» INPUT DATA
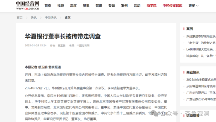 据媒体报道,2025年1月,市场消息称华夏银行董事长李吉民被带走调查。记者向华夏银行方面求证,截至发稿对方暂未回复。截至目前,8个月的时间过去了,关于李吉民仍未有官方公开消息。
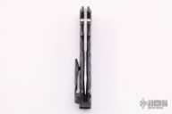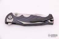 This Tighe Breaker Integral Flipper by Brian Tighe features a hand rub high satin finished blade with dual thumb studs, notched thumbrest and a flipper. The handle has a milled and bead blasted integral titanium frame with deep finger grooves, Zirconium pivot collars and tip up clip, lanyard hole at the butt. Smooth flipper action. Nice blade seating and lockup. Excellent condition.  Comes with a zippered case.
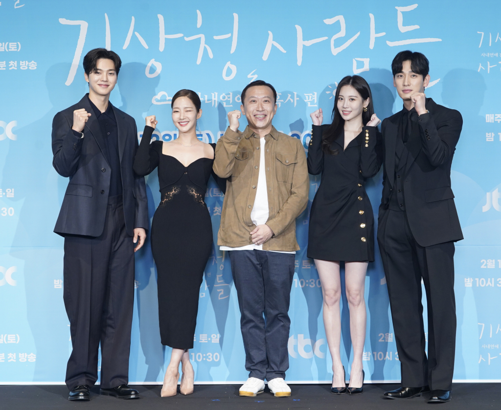 11일 오후 JTBC 토일드라마 '기상청 사람들 : 사내연애 잔혹사 편'(극본 선영, 연출 차영훈, 이하 '기상청 사람들') 온라인 제작발표회가 열렸다. 차영훈 감독, 박민영, 송강, 윤박, 유라가 참석했다.
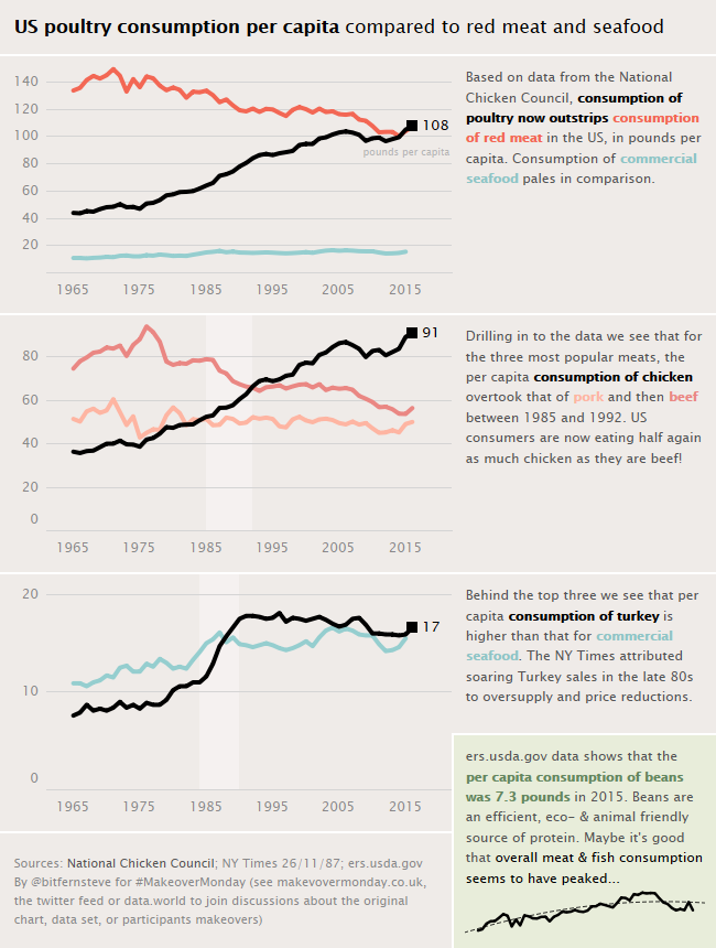 A whole new year of chart makeovers to look forward to! And this year the data is available via data.world too, with integration to a wider set of tools. We’re starting out with a look at per capita poultry consumption in the US since the 1960s based on data from the National Chicken Council; a nice clean line chart that tells the main story. The source data allows us to dive into a little more detail to expand upon the story. It was interesting to look at Turkey and seafood, and also to try to find equivalent data for plant-based proteins.

» YOUR INSTRUCTIONS
Could you print the whole listing again, exactly, leaving the pictures out?

» TASK OUTPUT
 据媒体报道,2025年1月,市场消息称华夏银行董事长李吉民被带走调查。记者向华夏银行方面求证,截至发稿对方暂未回复。截至目前,8个月的时间过去了,关于李吉民仍未有官方公开消息。
 This Tighe Breaker Integral Flipper by Brian Tighe features a hand rub high satin finished blade with dual thumb studs, notched thumbrest and a flipper. The handle has a milled and bead blasted integral titanium frame with deep finger grooves, Zirconium pivot collars and tip up clip, lanyard hole at the butt. Smooth flipper action. Nice blade seating and lockup. Excellent condition.  Comes with a zippered case.
 11일 오후 JTBC 토일드라마 '기상청 사람들 : 사내연애 잔혹사 편'(극본 선영, 연출 차영훈, 이하 '기상청 사람들') 온라인 제작발표회가 열렸다. 차영훈 감독, 박민영, 송강, 윤박, 유라가 참석했다.
 A whole new year of chart makeovers to look forward to! And this year the data is available via data.world too, with integration to a wider set of tools. We’re starting out with a look at per capita poultry consumption in the US since the 1960s based on data from the National Chicken Council; a nice clean line chart that tells the main story. The source data allows us to dive into a little more detail to expand upon the story. It was interesting to look at Turkey and seafood, and also to try to find equivalent data for plant-based proteins.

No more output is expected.